Rich people have more to steal, and identity thieves are going after the cream of the crop. That means advisors must do a better job of protecting client information, because people with investment portfolios, quite simply, are the “target market.”

Katherine Vessenes, a U.S.-based consultant who helps financial services firms improve their data security and overall operations, notes identity theft is not yet a crime in Canada. Criminality only happens when that theft is combined with other fraud. While reported cases of ID theft are rising rapidly in the U.S., the trend hasn’t hit Canada as hard. “So now is the time to start protecting your clients,” she told advisors attending a session at Mackenzie University in Toronto this week.

To make her point, Vessenes told a chilling story. Recently, she and her husband were in a lawyer’s office arranging the estate details of a parent who had passed away. Her husband needed to e-mail a file that was on his laptop to the lawyer, so he hopped on the law firm’s WiFi while sitting in the conference room. As soon as he signed in to the wireless Internet hot spot and opened a web browser, he found he had access to every file in the firm’s networked database.

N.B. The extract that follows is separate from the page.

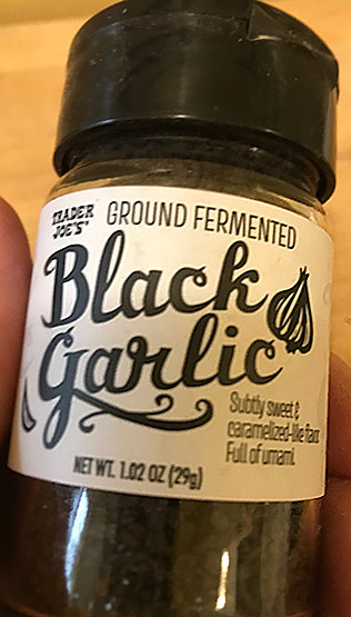 This is a pretty interesting Trader Joe’s product, a bit of an unusual find. Now a few years ago, they sold something in the produce section labeled “Black Garlic”. It was from Japan. It basically looked like a whole head of garlic you had forgotten about in the pantry that had shriveled up and turned completely black! Wild looking! I tried it. Inside shriveled shells were cloves of black garlic inside were softish and absolutely delicious, chock full of UMAMI. I found it to be a kind of amazing, and pretty unusual product for Trader Joe’s to carry. This stuff eventually vanished or was discontinued, anyway I stopped seeing it. Now a year or two later, I noticeed this small jar in the spices section. “Ground Fermented Black Garlic…Made In South Africa”. The black garlic has been dried and ground up into little tiny black bits that can be sprinkled onto things. It tastes garlicky but different from fresh garlic or garlic powder for one thing this was fermented. It’s full of Umami, adding extra depth of flavor to whatever you put it on. I did think it’s a little on the pricey side at $2.99 for a tiny 1 oz jar but I have found it does last a bit. It’s terrific added to sauces and as they mention vegetables. I am trying this on so many things. Avocado anything especially. I am thinking this is a hidden gem that many will look at and bypass and it may vanish in the future. So as we don’t know how long this product will last, if this sounds interesting, grab one to try.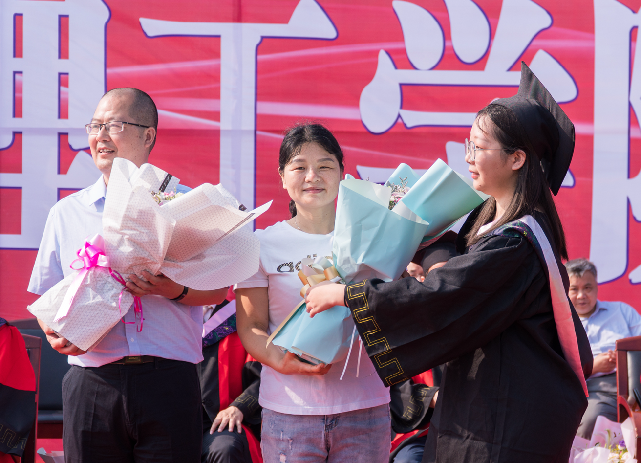 新闻传播学院15级新闻专业黄丹青的家长代表学生家长致辞,作为一名父亲,能见证女儿以优异的成绩开启新的里程碑,完成从青葱少女到心智成熟、人格健全的优秀大学毕业生的转变,他倍感骄傲。主席台上,他分享着女儿学以致用取得的专业竞赛成绩和社会实践成果,字里行间感受着她从做好自己到带好头,做好榜样的格局转变。他对老师们的言传身教和悉心指导致以深深的感谢,表示在孩子思想困惑、人生目标迷茫、学习生活遇到困难时,是她的辅导员曹玲老师、专业课老师唐定放下他们自己的孩子家人,挤占他们宝贵的时间给予了孩子无微不至的关心照顾和有力的支撑。

To an identity thief, such an unprotected database is a goldmine. To the company failing to install data protections, it’s a lawsuit waiting to happen.

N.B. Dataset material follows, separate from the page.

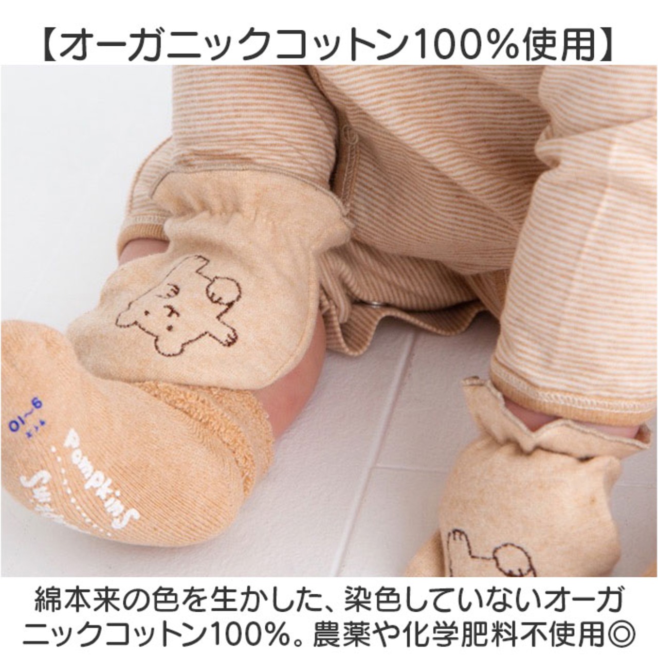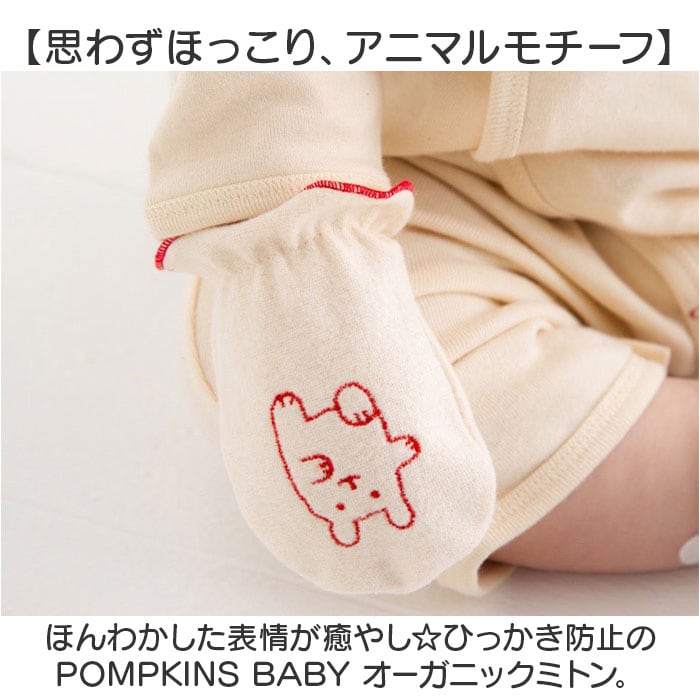 ・ほんわかした表情が癒やし☆ひっかき防止のPOMPKINS BABY オーガニックミトン。

And advisors are equally vulnerable, says Vessenes, because they have all the intimate details on file — tax returns, credit information, SIN numbers, and perhaps even the mother’s maiden name. She offers a few tips on protecting client’s files:

  • Lock those filing cabinets and put someone in charge of file management. Make advisors sign out client files and return them as soon as they’re done using them.
  • Improve passwords by making people add numbers or symbols. Thieves that gain access to a firm’s computers can run a dictionary programme that tries word after word until it cracks into the system. Single words are no longer secure enough.
  • Keep client data on networks and not on hard drives, because thieves often take computer hardware and dissect the contents later. Laptops especially are easy to snatch.
  • Run background checks on all new hires and consider hiring a private detective agency to make inquiries.
  • Consider terminating at-risk employees — those with gambling or drinking problems — no matter how much they produce.
  • Send statements electronically. Thieves troll rich neighbourhoods by day and rifle mailboxes for information that can facilitate ID theft.
  • Shred anything you don’t need. If it’s sensitive and you don’t need it to run someone’s affairs, destroy it or return it to the client.